И тут Лауридс Рист, опустошивший за сегодняшний день весь свой запас кепстона, остановил Пипо в его центростремительном порыве к кухне — к центру, к сочувствующим домочадцам — и ручищей, внушительной, как лопата землекопа, огрел Пипо по плечу:
— Стоп, раdrе Пипо. Сколько лет вы меня знаете?
Под шпагатом, неукоснительным, затяжным, Пипо мог только прохрипеть:
— Пятнадцать.
— За эти пятнадцать лет хоть раз я подвёл вас?
Мешок сплюснулся и выжал из себя:
— Нет. Никогда.
— Раdrе, нужны меры. Раdrе, слушайте меня: нужны меры во что бы то ни стало. Нужны меры какие бы то ни было. Вы хотите, чтоб ваша прекрасная, ваша голубая, ваша изумительная «Конкордия» стала необитаемой, как Помпея под лавой? Хотите, чтоб по всей Англии, Америке, Германии, по всему миру разнёсся слух, что Пипо Розетти гнусный обманщик, что Пипо Розетти не умеет, не может угодить форестьерам, что Пипо Розетти наплевать на всех иностранцев, что у Пипо Розетти кругленькая сумма в Banco Rоmа, а потому ему…

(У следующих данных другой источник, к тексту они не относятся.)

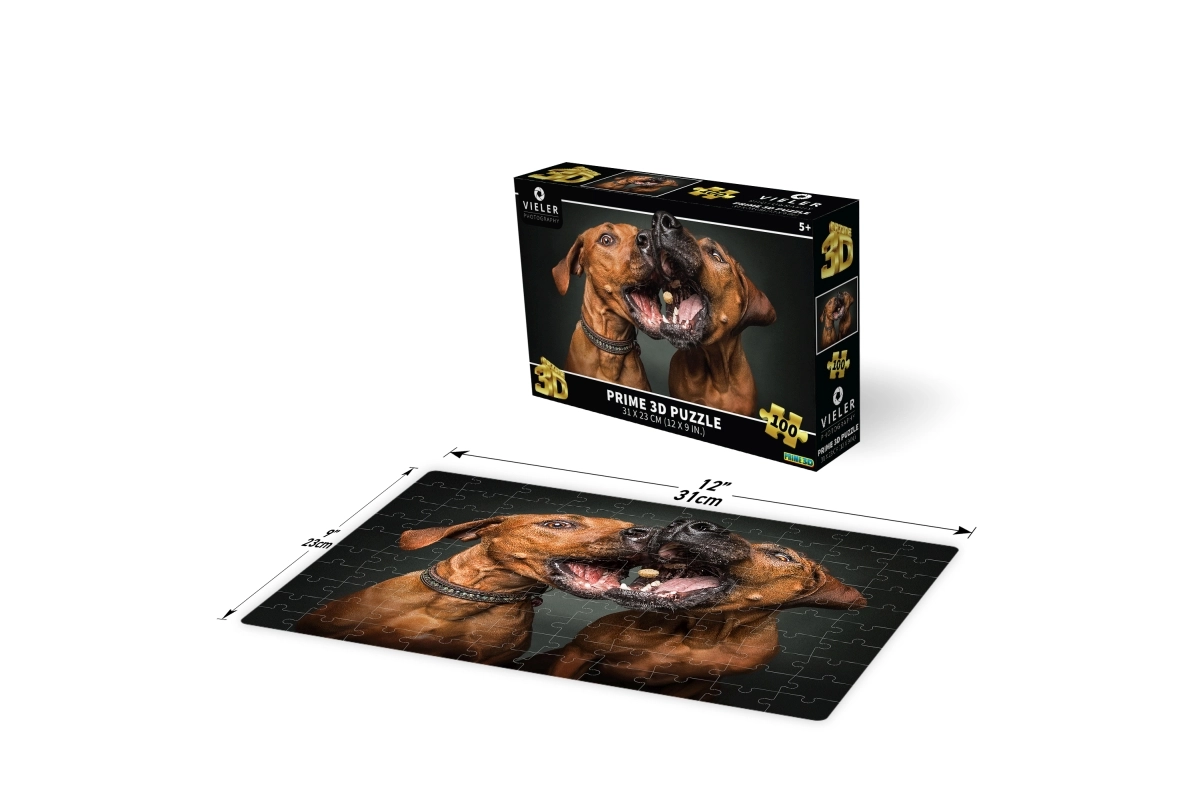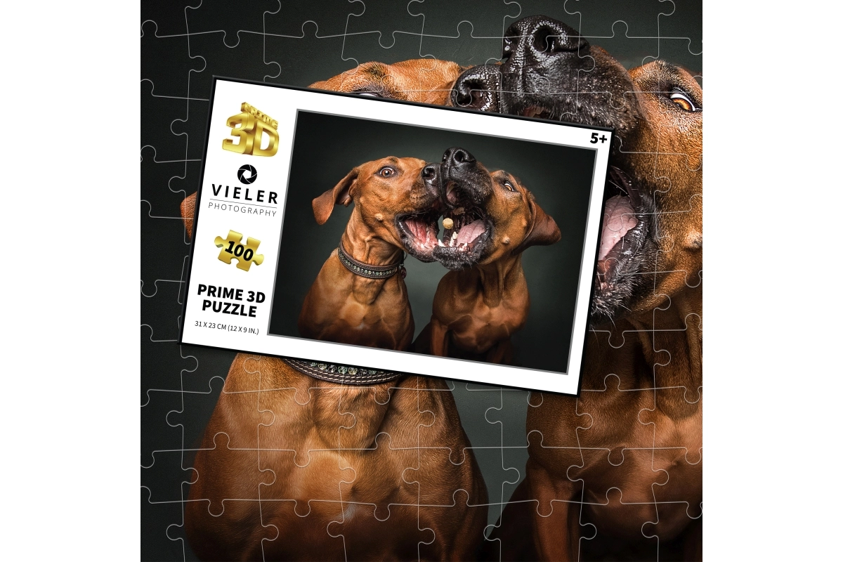 Dette 3D-puslespil med sf8de hunde vil glæde alle sme5 dyreelskere. Med 100 solide brikker kan bf8rn tre6ne logisk te6nkning, te5lmodighed og finmotorik. Ne5r puslespillet er samlet, opne5s et flot billede, der egner sig til udstilling eller gentagen samling.
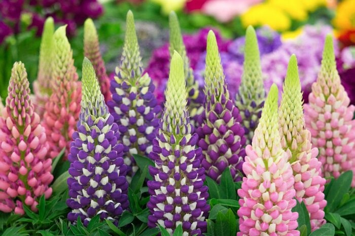 1本の茎にたくさんの小花を咲かせるルピナス。藤の花をひっくり返したような花姿から「登り藤」「逆さ藤」という名前でも親しまれています。

— Нет! — со свистом, с клёкотом, с возмущением, с негодованием вырвалось из мешка.
И крепкая рука Лауридса Риста втащила остатки Пипо в его комнату, увешанную многочисленными Папами, принцессами царствующего дома, объявлениями Ллойд-Триестино, и коротко и ясно изложил Лауридс Рист задыхающемуся Пипо свои проекты.
С молчаливого благословения всех пап за последние 250 лет, под винтами трёхтрубных пароходов Ллойда в десять минут совместными усилиями была полностью разработана вся дислокация.
И плацдарм — пансион «Конкордия» — приготовился к бою: голубые стены напрягли мышцы, Лауридс Рист, хотя дымил уже не кепстоном, а какой-то итальянской правительственной табачной дрянью, бодро глядел вперёд, как бодро по ветру, но назло всем сирокко, развевалась его неуёмная борода; в салоне немец-лакей, флегматичный баварец в ярко-зелёных носках, с рыжеватой прямо начёсанной чёлкой, похожей на соломенную застреху, и Мадлена сдвигали столы, расставляли стулья, Пипо Розетти понемногу ослаблял путы и узлы шпагата, и фельдъегерем нёсся Микеле в Сорренто.
К ужину прибыли музыканты. Слепой, в дымчатых очках, изрытый оспой певец запел про Санта Лючию, сослепу поворачивался не туда, куда надо, но изгибался после каждого куплета и млел на кадансах и парил на носках, опрокидывая голову, закатывая тёмные вместо глаз провалы. И скрипки изнывали в истоме, и переливчато замирала мандолина.
Ко второй песне сошла вниз княгиня, сёстры Гресвик как будто забыли о счёте, Лора Гресвик даже сказала под сурдинку «браво», Сильвия Гресвик в подтверждение качнула головкой. Но, не дослушав «Mare chiaro», княгиня изволила отбыть в свою комнату, за ней потянулись остальные. Загрохотали стулья, слепой певец скомкал песню и в удручении стал ощупью пробираться в уголок, фрау Берта не показывалась, только на мгновение рядом с княгиней мелькнул птичий профиль советника-адвоката, флегматичный баварец, дремля под своей чёлкой, тушил лишние лампы, музыканты гусиным выводком тянулись к выходу, как надоедливых, но неотступных сожительниц, прижимали к себе скрипки, виолончели и, оборачиваясь, кланялись и улыбались пустым столикам.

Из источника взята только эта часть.